Hey y’all. I’m bint alshamsa from over at My Private Casbah and I’m really excited to be guest-blogging at Feministe this week. I just realized that i forgot to introduce myself before I posted my first entry. Sorry about that! Well, let’s just jump right into this, shall we? I have a dirty little secret: I’m disabled and I really love sex, especially with other people who have disabilities. Not only do I love sex, I’m even capable of having sex.
The frenzy surrounding John Edwards extra-marital affair has provided the media with a perfect chance to explore the complexities of sexual relationships involving people with disabilities. As usual, this opportunity looks like it is going to be completely squandered, so I figured maybe I could do something to change that. Besides, I just really like talking about sex whenever I get the chance to.
My first college sweetheart and I were together for three years before breaking up. I was physically disabled but undiagnosed when we first started dating. We had the nice sort of (vanilla) sex life that I think was fairly typical for two non-disabled people beginning their adult lives. However, once I was diagnosed with Systemic Lupus, the whole relationship went south. Well, actually, it went west because he decided that he just wasn’t cut out to be anyone’s caretaker yet, so he left New Orleans and moved back to his hometown in California for a while.
I’m fortunate. That was the first and last time I was dumped because of my disability.
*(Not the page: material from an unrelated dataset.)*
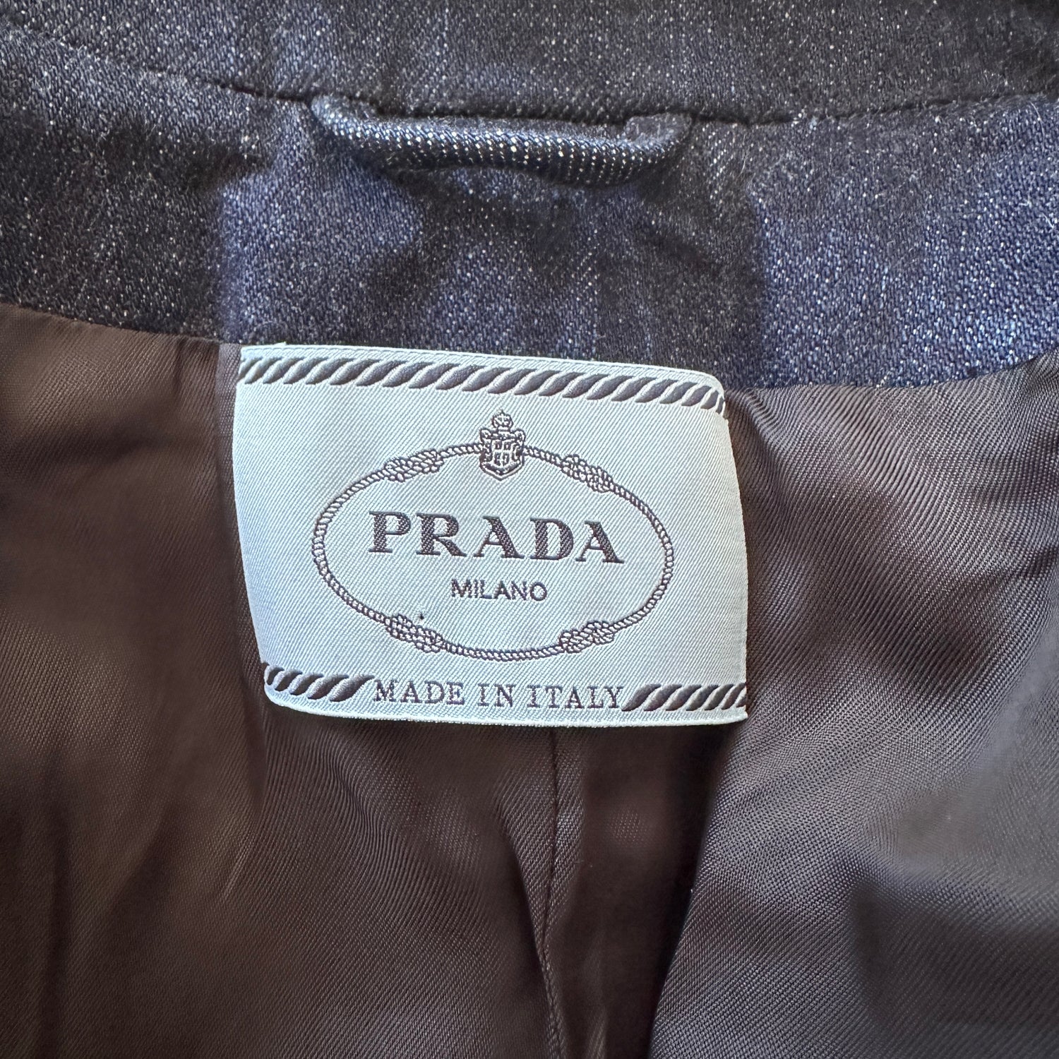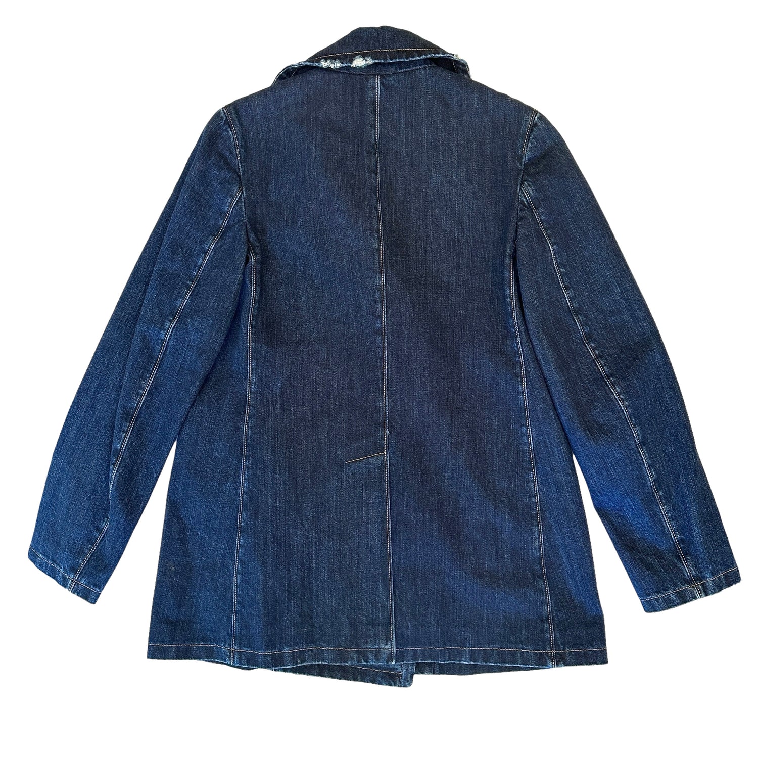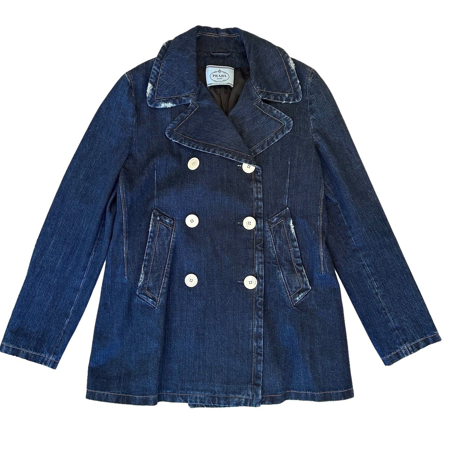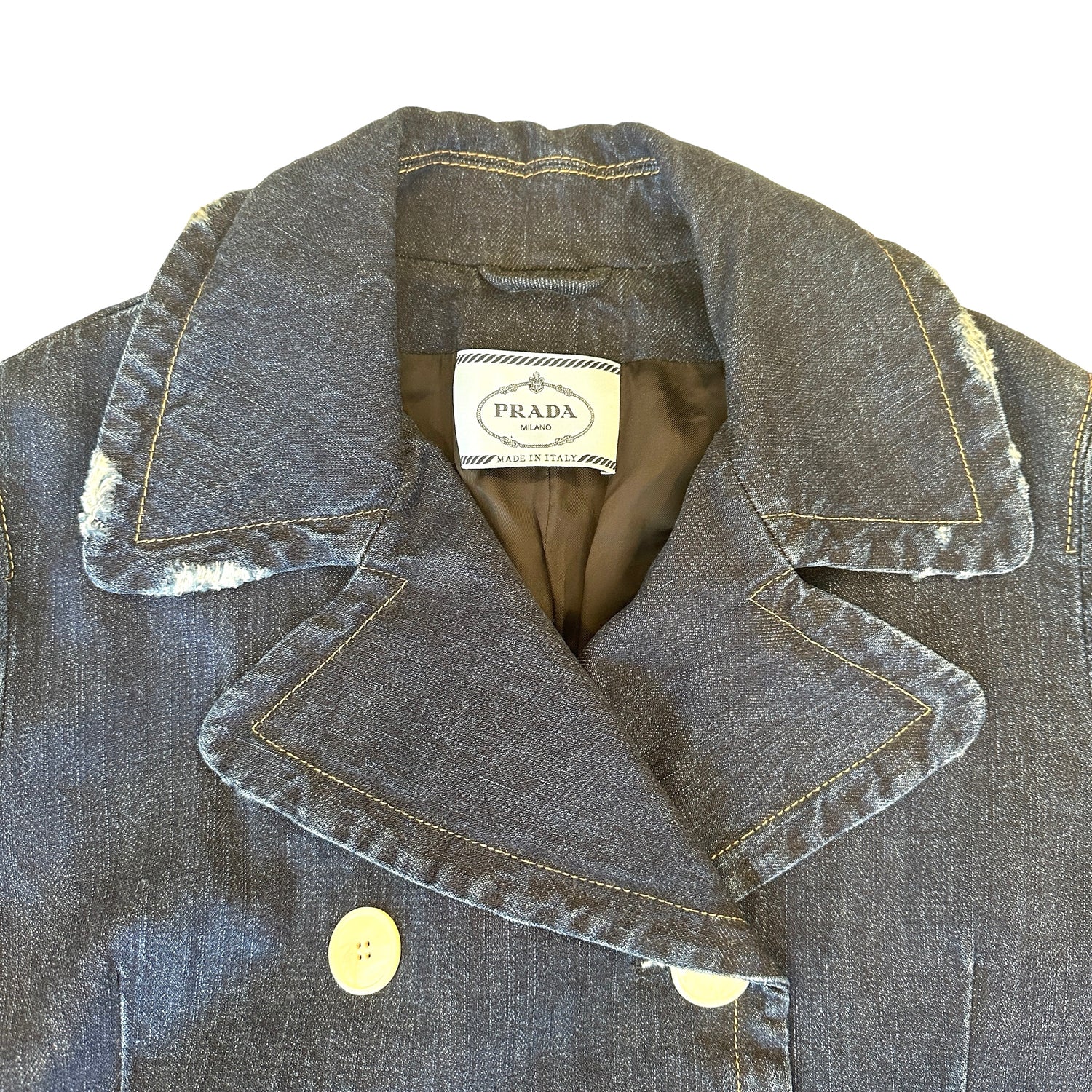 Prada denim jacket from the Spring/Summer 2019 collection. Dark blue denim. Pointed collar. Slit pockets. Large beautiful large mother of pearl buttons. Distressed accents. Designer size 42.
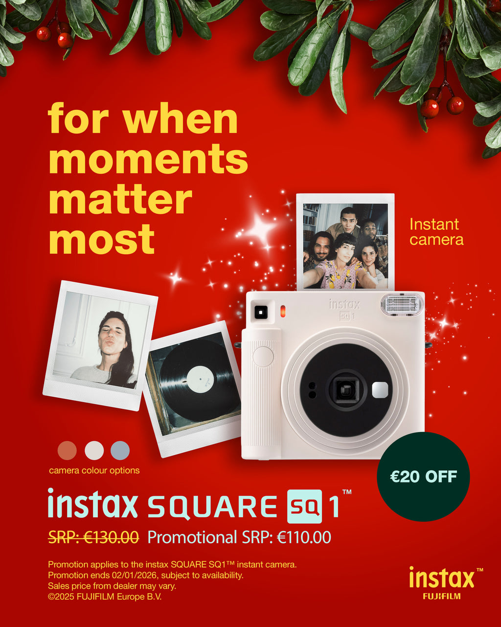 Instax SQUARE SQ1 combines everything that instax fans love about the mini’s cool, modern style and functionality with the larger, vibrant output of our square film. instax SQUARE SQ1 is designed for instax’s creative community of fans, as the perfect companion to help them to create compelling new instant prints.

The next relationship I entered into was with my best friend (The German) and we’ve now been involved with each other for ten years. I came into this relationship as a self-identified PWD (person with disabilities). I’d like to say that he knew what he was getting himself into but how things start are rarely how they end up.
A few years after we got involved with each other, I was diagnosed as having a rare bone cancer in my chest. Then, three years ago, he was attacked by a German Shepard and knocked unconscious when his head slammed into the side of a truck. This left him with damage to his spine and brain. At that time, I was still going through treatment for my cancer and in need of a lot of caretaker assistance. Suddenly, instead of one PWD being cared for by a non-disabled partner, we were two people with disabilities trying to take care of each other. It was a rough transition.
If you saw how difficult our lives became, you might have concluded that we wouldn’t have the time or energy to even think about sex, but that wasn’t the case. In fact, we started having even more sex. Yeah, that’s right. I said it. Our sex life got even better than it was before.
Having cancer is extremely stressful and physically traumatizing. After the rigors of rounds of treatment, sex helped me reaffirm my sense of ownership over my body. Though the radiation and surgeries brought me to the very edges of what the human body could withstand, none of it made me want to stop having sex. Picture spending months (and then years) of your life, being pressed and twisted and turned, under, behind and between machines. Now try to imagine how you’d gather up the strength to keep going even though you’ve already been told that, no matter what you are willing to endure, none of it is going to cure your body. Being able come home and have that same body kissed, caressed, and worshipped kept me going.
My doctors warned us that there wasn’t any reason to believe that I was going to live much longer. Surprisingly, this also improved our sex life. Hey, if you’re going to die soon, screw visiting the Eiffel Tower! Instead, why not enjoy as many orgasms as you can during the interim?
Also, the knowledge that your time to enjoy experiences is quite limited can be powerful motivation to try out all of those things you’ve considered trying but never got around to doing in bed…or other locations. We stopped waiting for perfect opportunities to come along and started making the most of each moment, regardless of back-aches, soreness, sleepiness, or less than ideal locations.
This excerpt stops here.